PySpark, what to do with columns that not always get created to avoid AnalysisException?-CodePudding

I have data incoming in batches and several columns that come from pivoting the values of another column, so the number of columns varies, one of the columns rarely receives any data ('surprise'),

Because this column doesn't always get created and it is in the .select() statement, sometimes it interrupts the process throwing and AnalysisException.

I got to solve it like this and it seems to work so far, but I'm looking for a better way to solve this because this doesn't look like good code:

try:
    df = agg_sentiment \
        .select('created_at', 'topic', 'counts', 
                'fear', 'joy', 'sadness', 'surprise', 'anger')

except Exception:
    df = agg_sentiment \
        .select('created_at', 'topic', 'counts', 
                'fear', 'joy', 'sadness', 'anger')

As you can see I removed 'surprise' from the select statement in the except part. Is there a way in PySpark to handle this type of situations?
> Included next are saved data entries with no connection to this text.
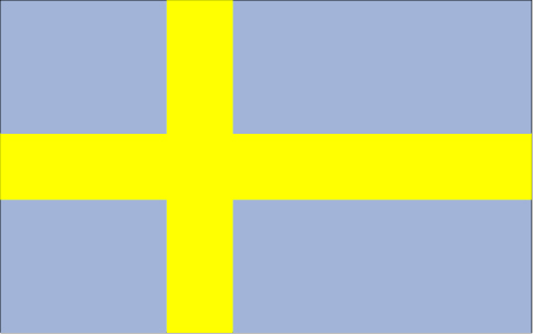 瑞典国旗呈长方形,长与宽之比为8:5。旗地为蓝色,黄色宽条十字偏向旗杆侧,把旗地分成四块蓝色长方形,靠旗杆一边的上下长方形面积相等,靠右边的上下长方形面积也相等。蓝、黄两色来自瑞典皇徽的颜色。历史上瑞典曾为丹麦所统治,所以国旗图案与丹麦国旗相似,只是长宽比例和颜色不同。1906年6月22日瑞典法律正式规定为瑞典王国的国旗。国旗与王旗颜色相同,但王旗带有国徽图案。
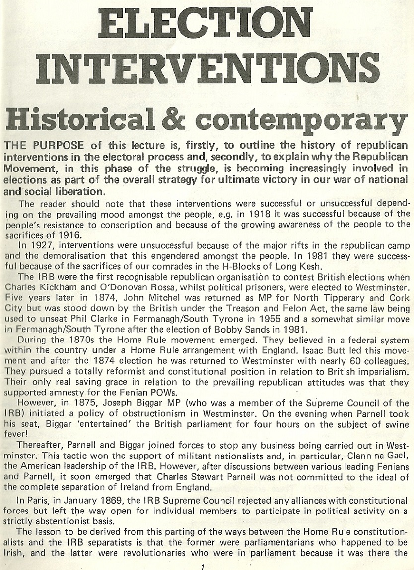 “Election Interventions -Historical and Contemporary” Sinn Fein Education Department pamphlet from the mid 80’s » SFElectionint2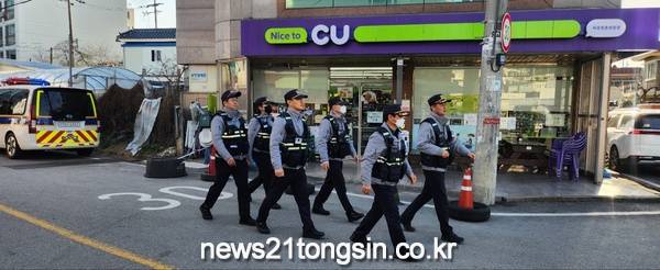 ▲ 기동순찰대활동사진[뉴스21/장병기 기자] 광주경찰청은(청장 한창훈) 지난 20일 정식 출범한 기동순찰대는 과학적 분석을 통한 범죄취약지 및 다중 운집 장소에 경력을 집중투입하여 시민의 평온한 일상을 유지하기 위한 활동을 전개 중이다.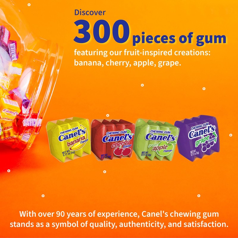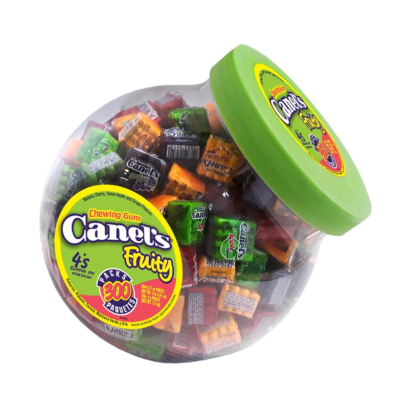 Enjoy the timeless taste of Canel's Chewing Gum, a beloved brand with a rich history dating back to 1925.Embark on a journey of flavor with Canel's 4-Pieces Mexican Chewing Gum, now available in an irresistible array of fruit flavors. Each pack is meticulously wrapped in a convenient cellophane wrap, ensuring freshness and portability for any occasion. Inside this jar display, discover 300 pieces of gum, featuring our fruit-inspired creations: cherry, banana, grape, and apple. Whether you're freshening your breath after a meal or simply craving a burst of flavor, Canel's Mexican gum is the perfect party favor, pinata candy mix. giveaway, or a simple snack.

CodePudding user response：

I think you could check if the desired columns exists in dataframe before selecting columns.

Here is an example

import pyspark.sql.functions as fx

# All wanted columns including possible missing ones
colWanted = ['created_at', 'topic', 'counts', 
                'fear', 'joy', 'sadness', 'surprise', 'anger']
colSelectPossible = []

for col in colWanted:
    if col in aggSentiment.columns:
        # Column exists, so save it to select later on
        colSelectPossible.append(col)

df = aggSentiment.select(colSelectPossible)